National Private Truck Council
- Founded: 1939; 87 years ago
- Type: Trade Association
- Location: Arlington, Virginia, United States;
- Region served: United States
- Key people: Gary Petty (President and CEO)
- Website: www.nptc.org

= National Private Truck Council =

US trade association

The National Private Truck Council (NPTC) is an American trade association which represents private motor carrier fleets in the United States.

Headquartered in Arlington, Virginia, the NPTC is the national trade association representing private motor carrier fleets, corporate or private truck fleets operated by manufacturers, distributors, processors, and retailers. Such fleets are also operated by food, retail, wholesale, construction and service companies.

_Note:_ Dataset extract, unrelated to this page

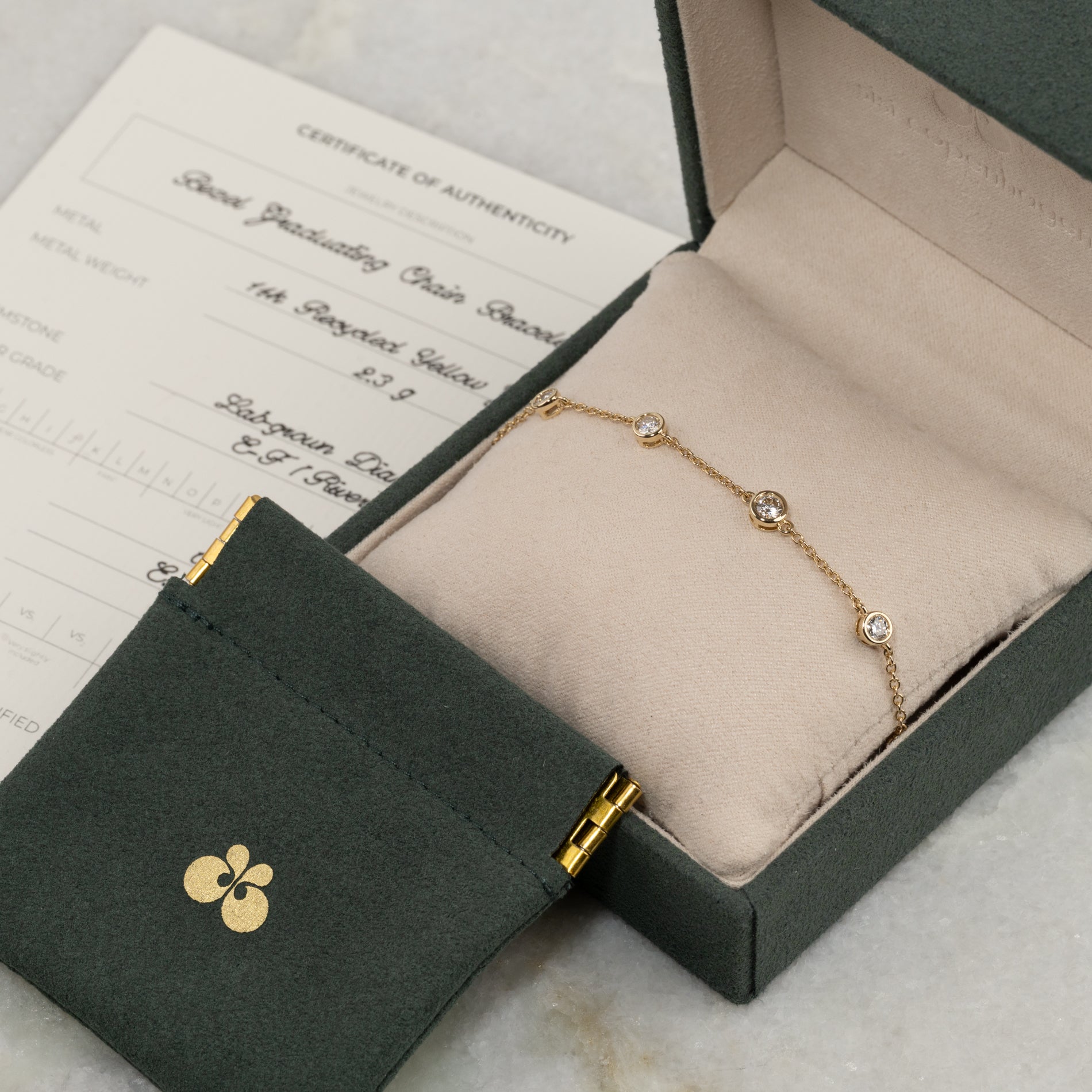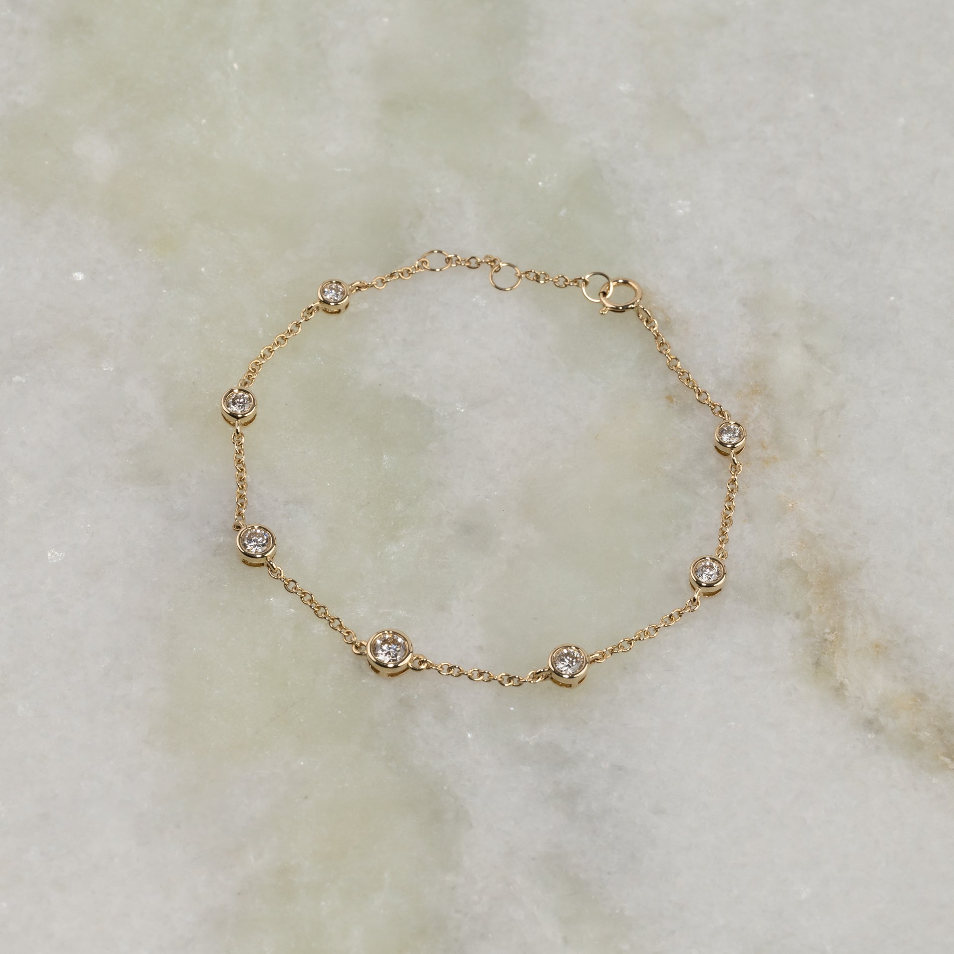 A classic and timeless bracelet crafted in solid 14 karat gold, set with seven graduated lab-grown diamonds in elegant bezel settings.

Private motor carrier fleets account for approximately 82 percent of the medium and heavy-duty trucks registered in the United States, travel approximately 53 percent of all the U.S. miles traveled by medium and heavy-duty trucks, and consist of slightly more than two million vehicles, the largest segment of the trucking industry in the United States.

==History==
The Association was founded in 1939 as an independent organization initially named the "National Council of Private Motor Truck Operators" after attempts during the 1930s to organize a special private truck conference of the American Trucking Associations (ATA) failed. In 1947, the ATA created a competing organization called "The Private Carrier Conference (PCC)" and it became the largest affiliate of the ATA. In 1953 the National Council of Private Motor Truck Operators changed its name to the "Private Truck Council of America" (PTCA). For over forty years, the PCC and the PTCA operated separately as competitors representing the private fleet trucking industry in Washington, D.C.

In 1987 the PCC disaffiliated with the ATA and renamed itself the "National Private Trucking Association" (NPTA). In 1988 the NPTA and the PTCA voted to merge the two organizations into one. A year later, in 1989, as a result of this merger, the National Private Truck Council was chartered in the Commonwealth of Virginia. Since its inception, NPTC has been an independent national trade association unaffiliated with any other organization in the trucking industry.

In 1992 NPTC formed the Institute for Truck Transportation Management (ITTM), a non-profit charitable and educational corporation operating as a subsidiary of NPTC. The NPTC Institute provides training and certification services for the private fleet industry and oversees the Certified Transportation Professional (CTP) program, the only national certification credential for private fleet managers in the United States.

NPTC represents a broad cross-section of America's Fortune 500 elites such was Wal-Mart, ConAgra, Sysco, Kraft, Linde, General Mills, Nestle, Schwans, Pepsi, Bridgestone, Batesville, Frito-Lay, and hundreds of other manufacturers, distributors, retailers and public service agencies, and small to medium companies of all kinds with private fleets.

NPTC celebrated its combined 75th Anniversary at the Annual Education Management Conference and Exhibition in Cincinnati, April 13–15, 2014.

==Industry profile==
Private trucking hauls an estimated 4.45 billion tons of freight per year with a value of commodities shipped at US$2.4 trillion. In total, private carriers transport 56 percent of all truck tonnage. They generate about 308 billion ton-miles of transportation having an overall average length of haul of 51 miles. (Source: Census Bureau, 1993-1997 Commodity Flow Survey)

Major commodities hauled by private fleets include petroleum, stone and concrete, wood and paper, beverages, grain mill products, chemicals, food and dairy products, construction materials, and finished goods.